Those limits were set in 1997 — and have never been adjusted for inflation.
According to the Congressional Research Service, if those thresholds had simply tracked average home price appreciation between 1998 and 2025, they would now stand at approximately $720,000 for single filers and $1,440,000 for married couples. Even adjusting only for general economic inflation (using the GDP deflator), the figures would be closer to $457,000 and $913,000 respectively.
The median home price in the United States has nearly tripled since 1997.
The "Lock-In Effect": What the Data Shows
The National Association of Realtors released a 2025 analysis estimating that approximately 29 million homeowners — roughly 34% of all owners — may already have accumulated gains exceeding the $250,000 single-filer threshold. Another 8 million are estimated to be above the $500,000 married-couple limit.
This dynamic has a name: economists and housing researchers call it the "lock-in effect." When the potential tax bill from selling a home is large enough, many owners choose not to sell — even when their circumstances would otherwise prompt a move.
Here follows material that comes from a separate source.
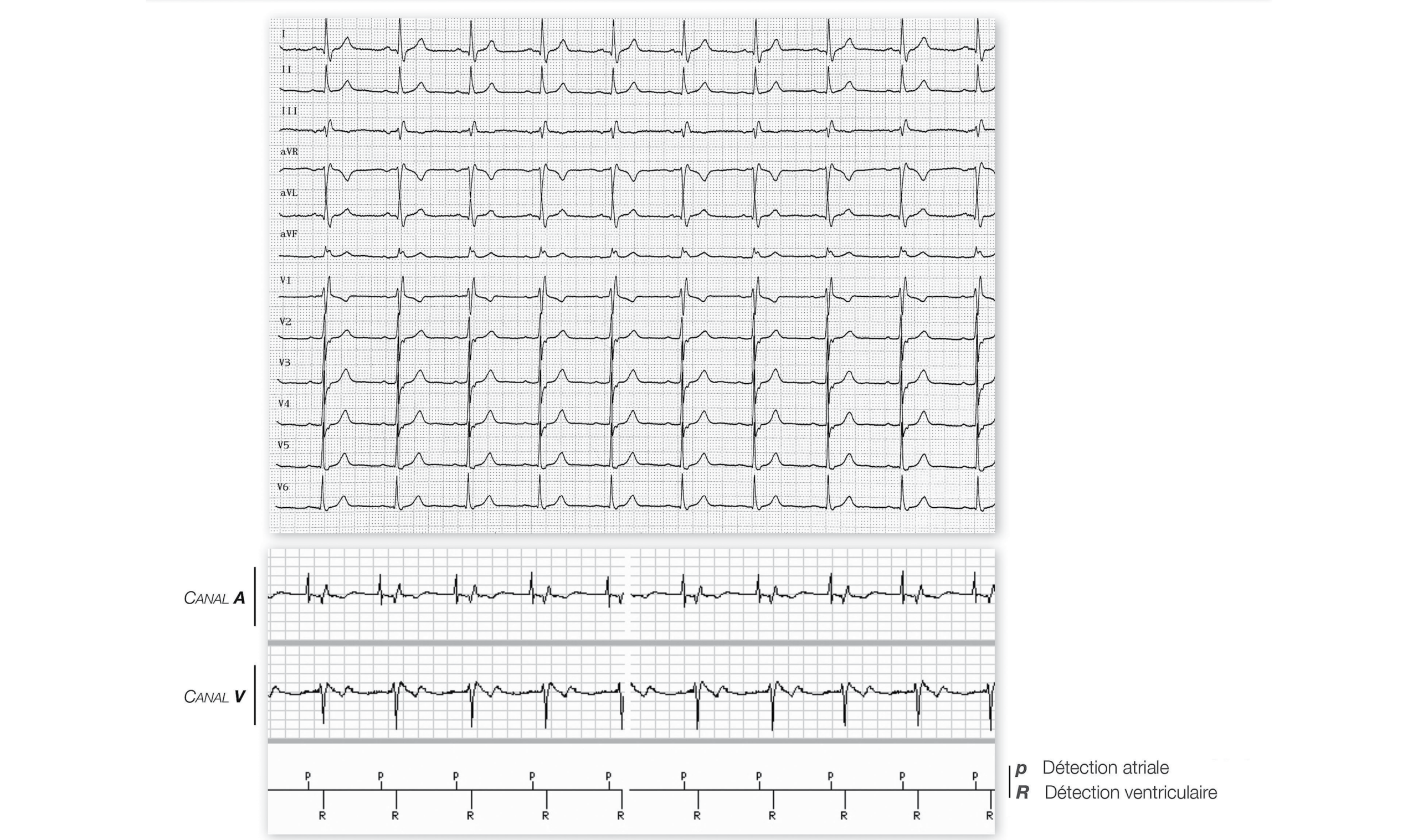 Mode ODO: rythme sinusal à 60 battements/minute; espace PR normal (< 200 ms) et fixe; ventricules spontanés avec aspect de bloc de branche droit (QRS à 140 ms, aspect rSR’ en V1 avec retard de la déflexion intrinsécoïde, onde S large et trainante en V6); le marqueur P correspond à la détection d’une activité atriale spontanée, le marqueur R à la détection d’une activité ventriculaire spontanée; sur le canal atrial, on peut voir l’empreinte du ventricule spontané contemporain de la détection de l’onde R dans le canal ventriculaire; ce signal n’est pas détecté dans le canal atrial;

Seniors looking to downsize, families relocating for work, and long-time owners wanting to access their equity are among those most affected.
Researchers at the Bipartisan Policy Center and the Budget Lab at Yale have noted that those most likely to exceed the caps tend to be longer-term homeowners in markets where prices have appreciated significantly — a category that spans many geographic areas and income levels, though it skews toward higher net worth.
The U.S. housing supply gap stood at an estimated 4.03 million homes in 2025, according to Realtor.com — up from 3.8 million the year before. Some housing economists have suggested that reform of the capital gains exclusion could unlock additional inventory, though analysts differ on the magnitude of that effect.
What Congress Is Considering
Two pieces of legislation in the current 119th Congress (2025–2026) address this issue, each with a different approach.
The More Homes on the Market Act (H.R. 1340 / S. 3332)
Introduced in February 2025 by Rep. Jimmy Panetta (D-CA) and Rep. Mike Kelly (R-PA) — members of the House Ways and Means Committee — this bill would double the existing exclusion limits to $500,000 for single filers and $1 million for married couples filing jointly. It would also index those amounts annually to inflation going forward, so the thresholds would keep pace with the cost of living.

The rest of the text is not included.